REVIEW: After Half A Decade Removed From The Public Eye, Kendrick Lamar Returns With His Most Private LP Release ‘Mr. Morale & The Big Steppers’

On “DUCKWORTH.”, the final track from Kendrick Lamar’s Pulitzer prize-winning album DAMN., the Compton native revealed a story from his family past that sounds too consequential to be true. In this closing remark to the impeccable and historic 2017 LP, the massively accomplished orator details the crossing of paths between his father and the owner of his (now former) label/musical mentor Anthony “Top Dawg” Tiffith. Tiffith decides against a plot he had to rob the restaurant Kendrick’s father worked at, a plot that could have turned gruesome for Lamar’s father. This interaction occurs as Kendrick is just a young child, and the tale is summarized without mincing words: “If Anthony killed Duckie, Top Dawg could be serving life/while I grew up without a father, and die in a gunfight” the rapper spits out immediately followed by a resounding gunshot that spirals into the final moments of the record. 

It was a truly bewildering conclusion to the artist’s fourth studio album and a shocking divulgence for someone already so deep into a career of weaving impeccable stories. Though I never expected I would be left to wonder for 5 years and 1 month, I spent much of the subsequent days wondering: how much deeper could Kendrick Lamar go? How much more personal could the MC’s work possibly get?

Kendrick’s answer to this question comes to us in the form of a double album, Mr. Morale & The Big Steppers.

If it isn’t clear in the literal words of the opening track (“United In Grief”) on this final album under Top Dawg Entertainment, Kendrick has been going through something. And though Kendrick Lamar claims “1,855 days, [he’s] been going through something”, it becomes quickly apparent that he has been going through things for much of his life. 

Kendrick Lamar (Photo by Renell Medrano)

One thing it appears Kendrick Lamar has been grappling with in the time it took him to assemble this 73-minute barrage of personal inventory is his own status as a public figure. In many ways, fans of Kendrick Lamar have looked to him as a moral compass among a popular culture with few “pure” heroes left. As it only becomes easier to dig up the demons of our celebrity favorites, Kendrick has continued to uphold a distinctly admirable reputation and this is all before his artistic statements on larger societal failings often rooted in racism, classism, and spirituality that have positioned him as a generational thought leader. But with Mr. Morale, Kendrick seems to question if not outright reject this notion most notably on tracks like “Savior” over gorgeously sung backing vocals from Sam Dew and a constantly shifting instrumental.

On track two of disc two, Kendrick channels the words of playwright William Shakespeare over a piano ballad: “heavy is the head that chose to wear the crown”. It is a bleak and morose descent from the uptempo bounce of the latter disc’s opening track “Count Me Out”, a sharp correction of energy and vibe that occurs in multiple instances on this album. With these 18 songs presented through the lens of therapy both as an idea and as a personal practice for Kendrick, it makes sense that the narrative and the approach to his problems are non-linear. 

One unsuspected common trope of Mr. Morale is the focus of sex. While it’s far from unheard of for Lamar to explore sexuality in fine detail (see: “These Walls”, the miraculously soulful fifth track from 2015’s To Pimp A Butterfly), he approaches this universal topic from an extremely nuanced angle that he and few artists in general ever touch. From the deeply confessional reflections on Kendrick’s uncle transitioning on “Auntie Diaries”, a song that has generated widespread controversy over its inclusion of homophobic slurs that Lamar condemns in the final verse; to the eerily haunting and conflicted recollections of Kendrick’s infidelity to his wife via his first sexual encounters with white women on “Worldwide Steppers”; to the absolutely gut-wrenching revelations of sexual abuse and molestation in Kendrick’s own family on “Mother I Sober”, sexual traumas and offenses play a vital role in Kendrick spilling his soul for the world to see.

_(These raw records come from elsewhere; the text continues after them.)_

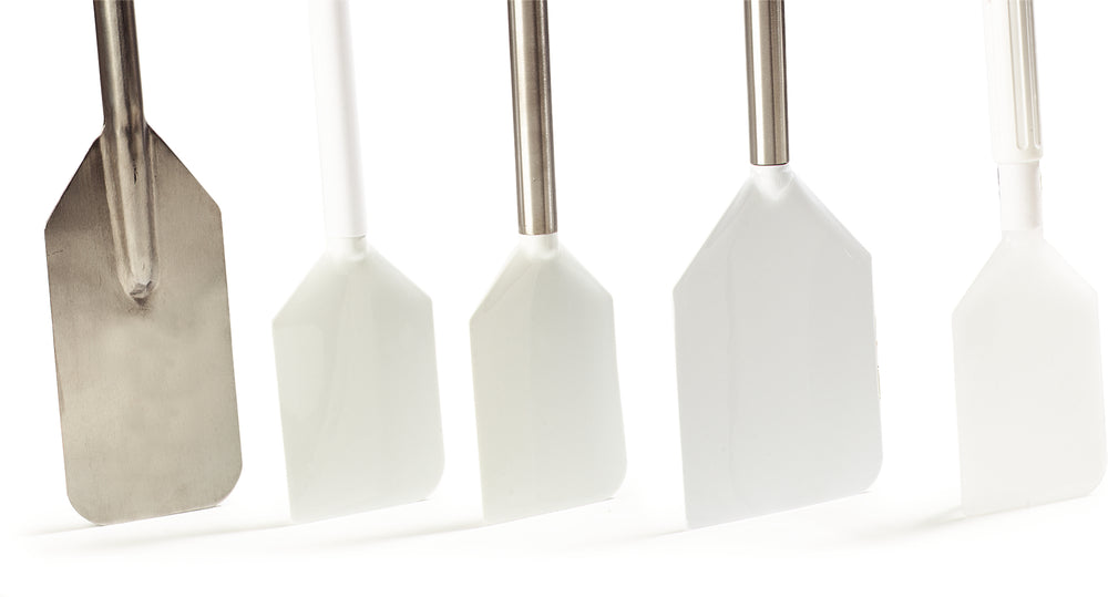 For lower viscosity & temperature and general stirring & mixing uses, the durable design of this Nylon Paddle and Handle Scraper combination is just right.
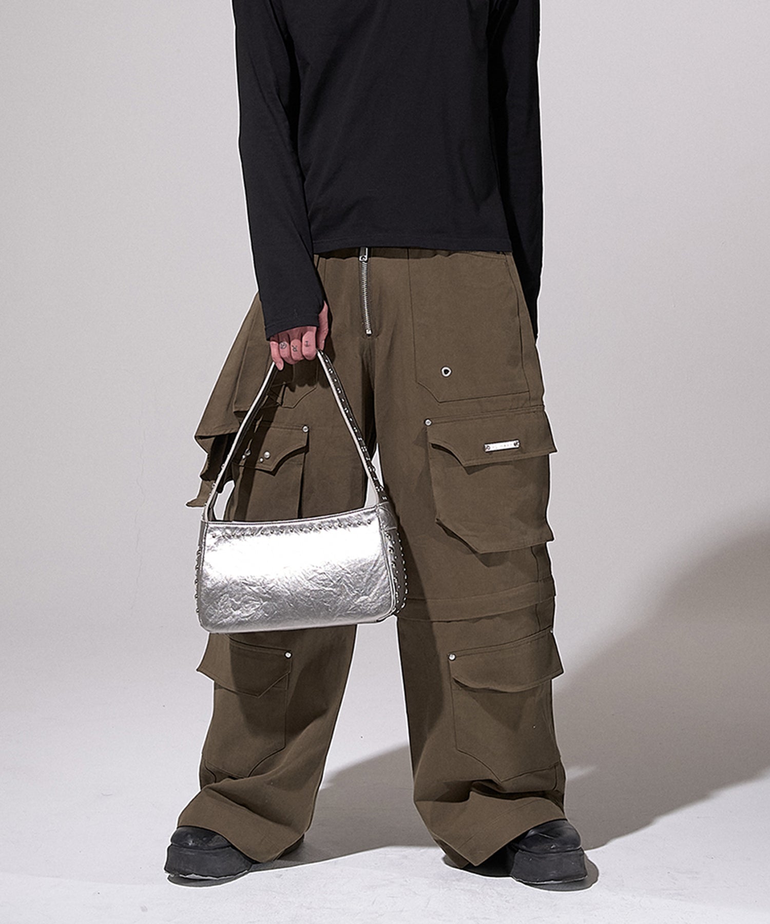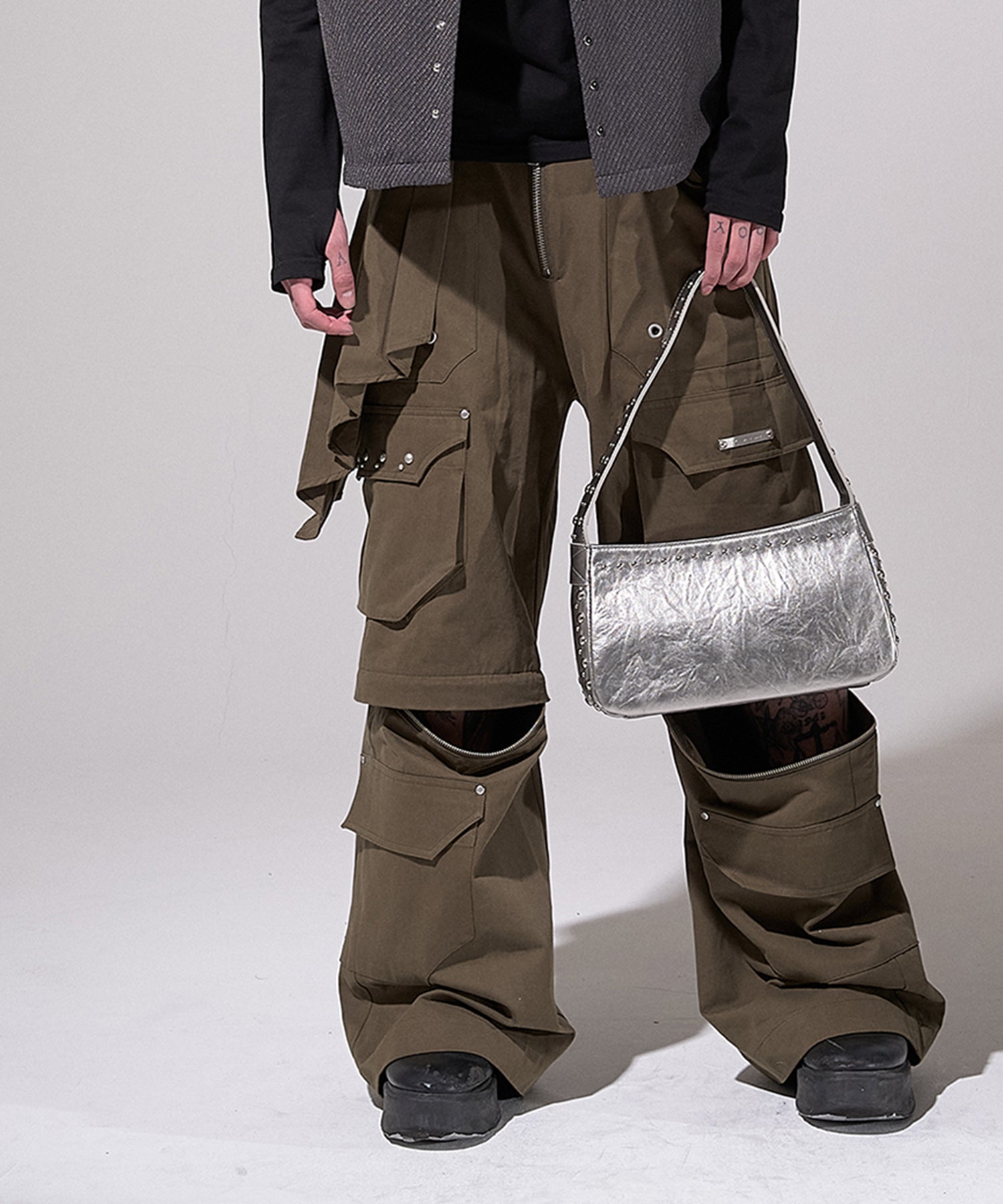 クラシックなショルダーバッグのフォルムにグランジなノイズ感を刻み込むアクセント。
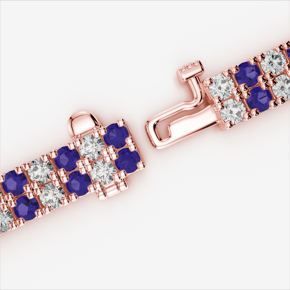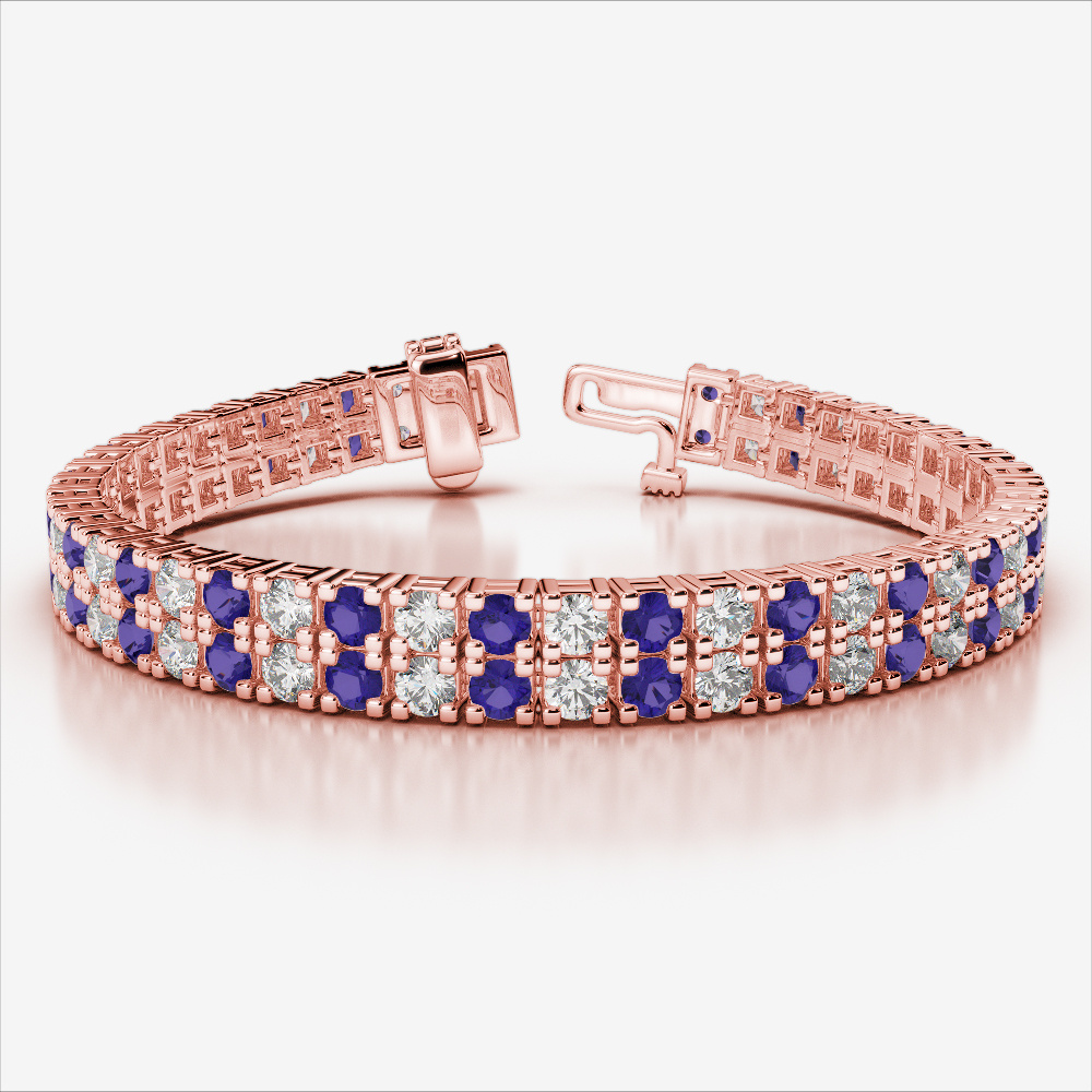 Wrap your wrist in elegance with our Double Row Prong Set tanzanite and diamond bracelet. Featuring prong-set round-cut stones that dazzle with every movement, this bracelet is made for those who appreciate luxury. It’s the ultimate gift to commemorate life’s most treasured moments.
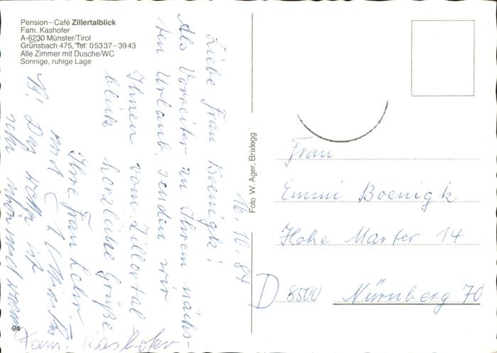 71484272 alte Postkarte Muenster Tirol Pension Cafe Zillertalblick postalisch gelaufen Erhaltung siehe scans KatCode: 11390335070517
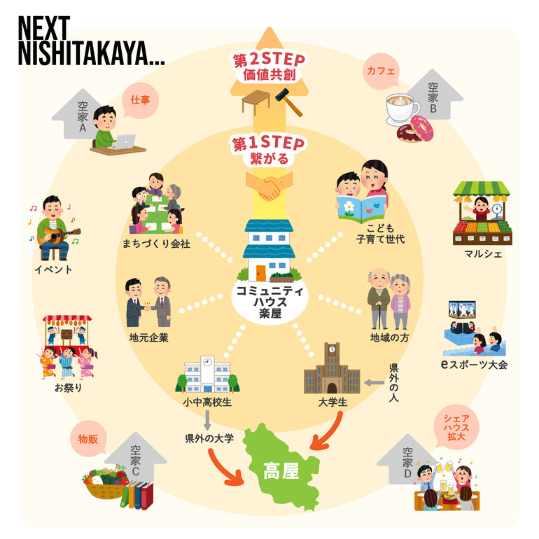 これからもこの動きや繋がりを強めていき、西高屋をまちごとリノベーションするため、一緒にまちを作ってくれる人を増やしていきたいと思っています

In the magnificent “Father Time”, my favorite cut from the 18-track work, I believe Kendrick Lamar utters the most imperative line when it comes to understanding Mr. Morale & The Big Steppers: “my life is a plot, twisted from directions that I can’t see”. For much of Kendrick’s discography up to this point, it seemed the well-traveled chronicler was obsessed with understanding why the world around him was the way it was. However, on Mr. Morale, he is grappling with the epiphany that we as flawed beings may have far less agency than we would hope or at least expect. With possibly his clearest opportunity yet to look externally (see: a once in a century global pandemic), Lamar has chosen to give us his most internally focused effort. It is uncomfortable yet therapeutic, offensive yet sincere, aggressive yet indescribably beautiful. As with most of Kendrick Lamar’s artistic statements, I find there is much intention in these contradictory feelings. 

Kendrick Lamar is complicated, and so are we. And so is my ever-growing love for, in my opinion, yet another masterpiece added to this remarkable solo discography.